In glorious technicolour
Country Life UK|December 01, 2021
Our cathedrals were once filled with colour, argues Simon Jenkins. Isn’t it time we brought it back?
Simon Jenkins
In glorious technicolour
IMAGINE a visit to the National Gallery in which every picture you see is black and white. The faces, the landscapes, even the dramas are all clear. They are simply devoid of colour. Fine, you might say, but something is missing. That is how I react to a medieval cathedral. Mostly, they are colourless. The vibrancy in which their creators bathed them has been stripped away by time and fashion. Gone are the visual textures intended to lift the eyes of worshippers and pilgrims from their drab surroundings, dazzling them with a polychrome Heaven. In their place, all we get is a dull, mostly limestone buff.

As displays of the culture of Europe in the Middle Ages, nothing compares with the great cathedrals. They are true wonders of the world. They tower over the Continent, from mighty Durham to serene Chartres, from Cologne’s battling buttresses to Seville’s exquisite vault, the last ordered to be so vast ‘that men will think us mad’. Nowhere equalled the reckless engineering of Beauvais.

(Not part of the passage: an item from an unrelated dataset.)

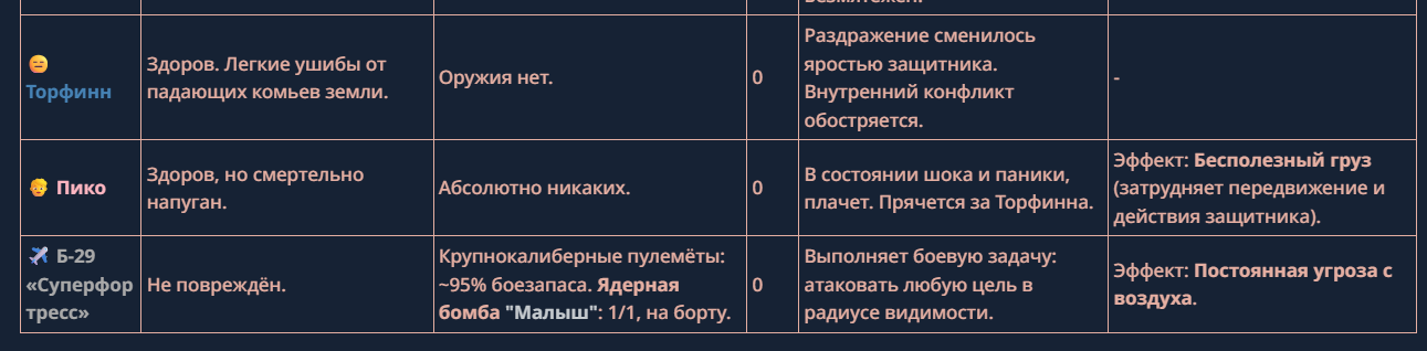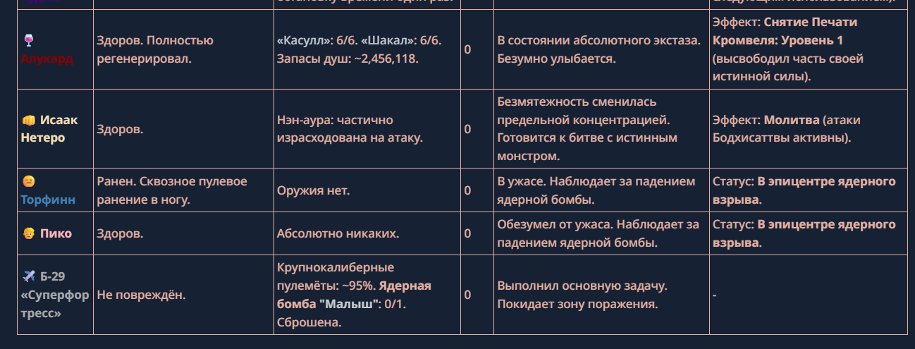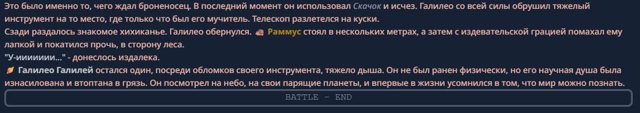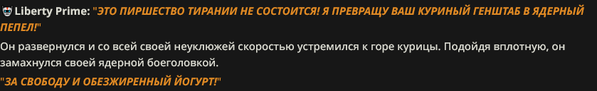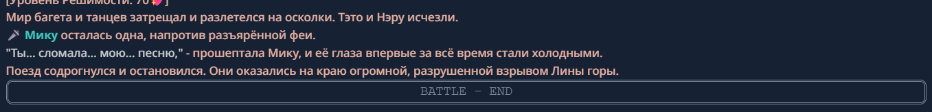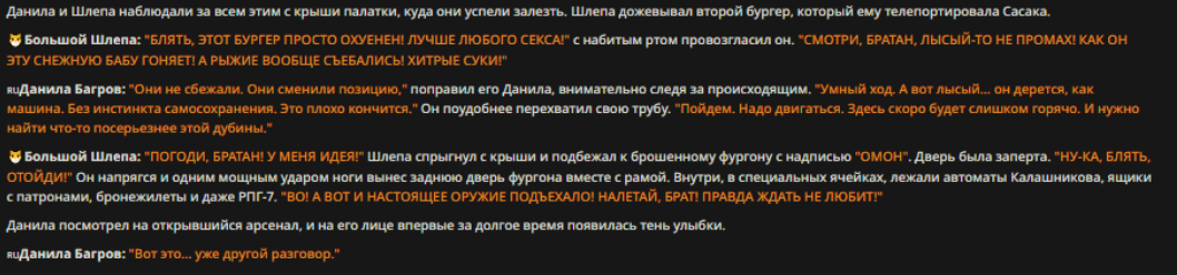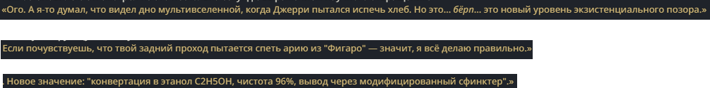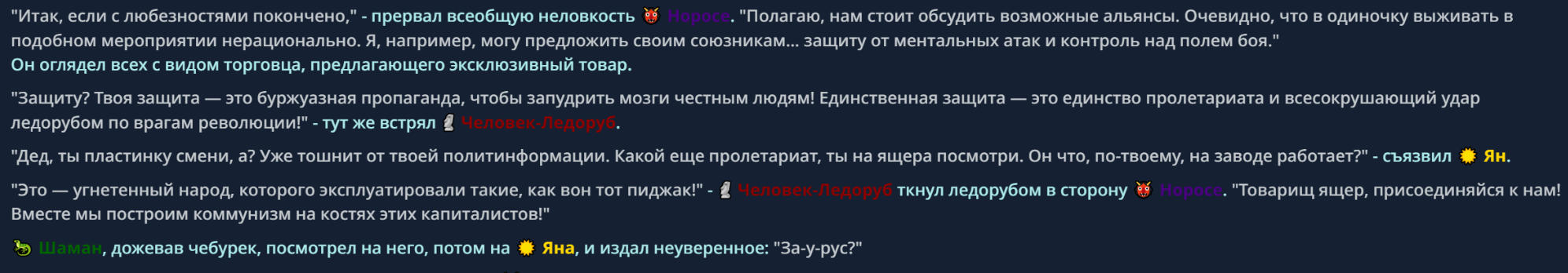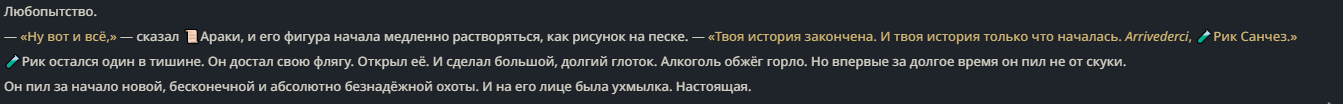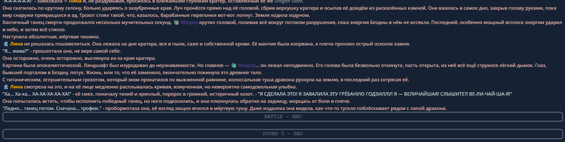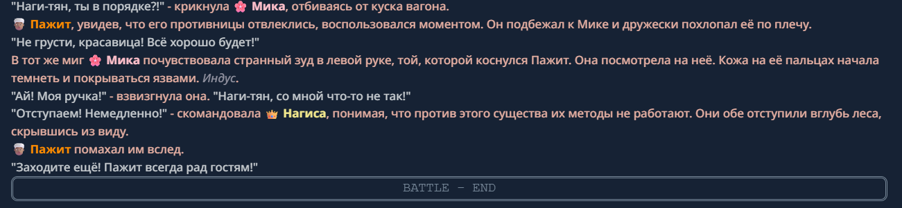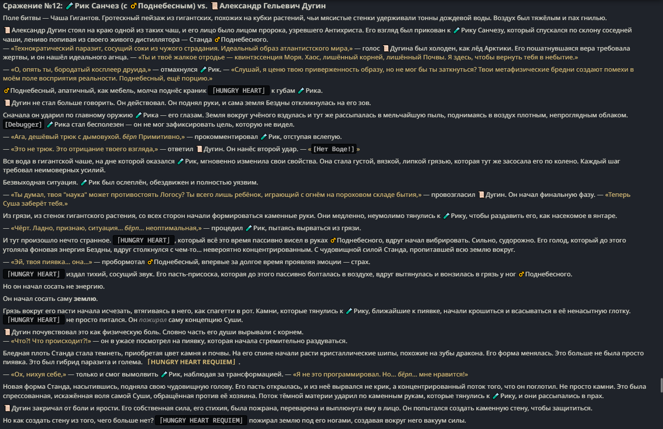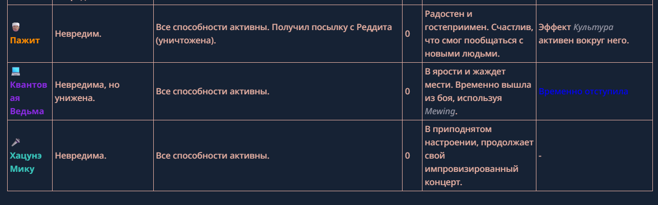 >>841604 Самое смешное было на какой-то совсем старой версии промта, где я забыл врубить галочку боя и персонажи в раунде внезапно стали чаще использовать навыки и вообще вести себя адекватнее xD. Но это было ещё в марте что ли.

Lincoln in its prime was taller than the great pyramid of Cheops. Yet few of these buildings appear as they did to those who made them because all have lost their colour.

Colour in piers, ribs and murals naturally faded with the decline of Catholic supremacy from the 16th century onwards. For worshippers, churches were no longer the exclusive illustrators of the Bible story. It is hard for us to imagine how coloured west fronts and interiors must have looked to those who never saw painted images anywhere else in their lives.

This story is from the December 01, 2021 edition of Country Life UK.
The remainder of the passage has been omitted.